Raspberry and chocolate soufflé

Recipe from: 9/1/1999 12:00:00 AM
Ingredients 7
Servings 8
Time 30 minutes plus cooling and chilling

Ingredients

  • 175
    g
    plain chocolate
  • 60
    ml
    honey
  • 6
    large eggs, separated
  • 5
    ml
    ground cinnamon
  • 15
    g
    gelatine
  • 45
    ml
    hot water
  • 250
    g
    raspberries, fresh or frozen and thawed
 

Method

 
1. Heat chocolate and honey in a large bowl over hot water. Stir until smooth. 2. Stir in yolks, one at a time, and then cinnamon. 3. Add gelatine to hot water and stir briskly to dissolve completely.
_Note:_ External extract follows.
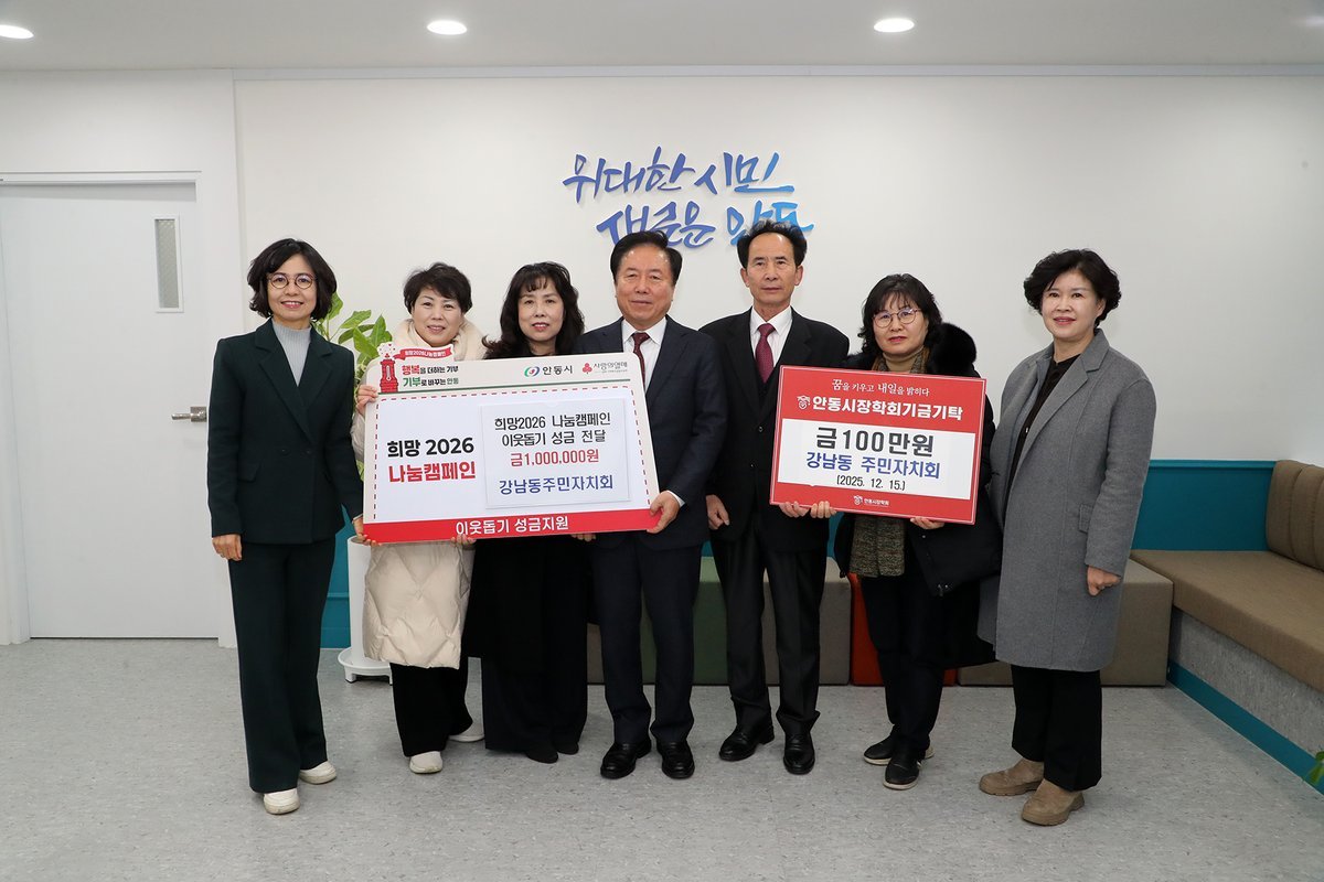 “사랑 100 + 희망 100 = 행복 200”강남동 주민자치회, 연말 이웃사랑․인재육성 성금 200만 원 기탁 (안동시 제공) [PEDIEN] 안동시 강남동 주민자치회가 연말연시를 맞아 어려운 이웃과 지역 인재를 위한 따뜻한 나눔을 실천하며 지역 사회에 훈훈함을 더하고 있다.강남동 주민자치회는 지난 12월 15일, 안동시청 시장실에서 관내 저소득층을 위한 성금 100만원과 안동시 장학기금 100만원, 총 200만원을 기탁했다.이번 기부는 고물가와 경기 침체로 힘든 겨울을 보내는 이웃들에게 온기를 전하고, 경제적 어려움으로 학업에 어려움을 겪는 학생들에게 희망을 주기 위해 마련되었다.특히 이번 성금은 강남동 주민자치회 위원들이 나눔 문화 확산에 솔선수범하자는 뜻을 모아 십시일반으로 마련했다는 점에서 더욱 의미가 깊다.기탁된 성금은 경북사회복지공동모금회를 통해 관내 저소득층 및 복지 사각지대 가구에 전달될 예정이며, 장학기금은 안동시장학회를 통해 지역 우수 인재 양성을 위한 장학 사업에 사용될 계획이다.서정학 강남동 주민자치회장은 작은 정성이지만 이웃들이 용기를 잃지 않고 따뜻한 겨울을 보내는 데 도움이 되길 바라며, 학생들이 안동을 빛낼 인재로 성장하는 밑거름이 되기를 희망한다고 밝혔다.또한 주민자치회는 앞으로도 주민의 삶 속으로 들어가 기쁨과 슬픔을 함께 나누며 살기 좋은 행복 강남동을 만드는 데 최선을 다할 것이라고 덧붙였다.권기창 안동시장은 어려운 시기임에도 이웃사랑과 인재 육성이라는 두 가지 가치를 실천한 강남동 주민자치회에 감사를 표하며, 기탁된 성금을 소중하게 사용하여 필요한 곳에 투명하고 공정하게 전달하겠다고 약속했다.한편 강남동 주민자치회는 깨끗한 마을 가꾸기 환경정화 활동, 주민 화합 한마당 개최, 이웃사랑 한 끼 나눔 행사 등 다양한 활동을 통해 풀뿌리 민주주의 정착과 지역 공동체 활성화에 기여하고 있다는 평가를 받고 있다. -

Stir into the chocolate mixture. 4. Press raspberries through a sieve with a wooden spoon and stir into mixture. Cool in fridge until thick but not yet setting. 5. Whisk egg whites to soft peaks and, using a metal spoon, gently fold through entire chocolate mixture. Pour into a 1,2 litre soufflé dish, individual moulds or glasses filling them right to the top. Chill for at least 30 minutes. Garnish and serve. Preparation time: 30 minutes plus cooling and chilling.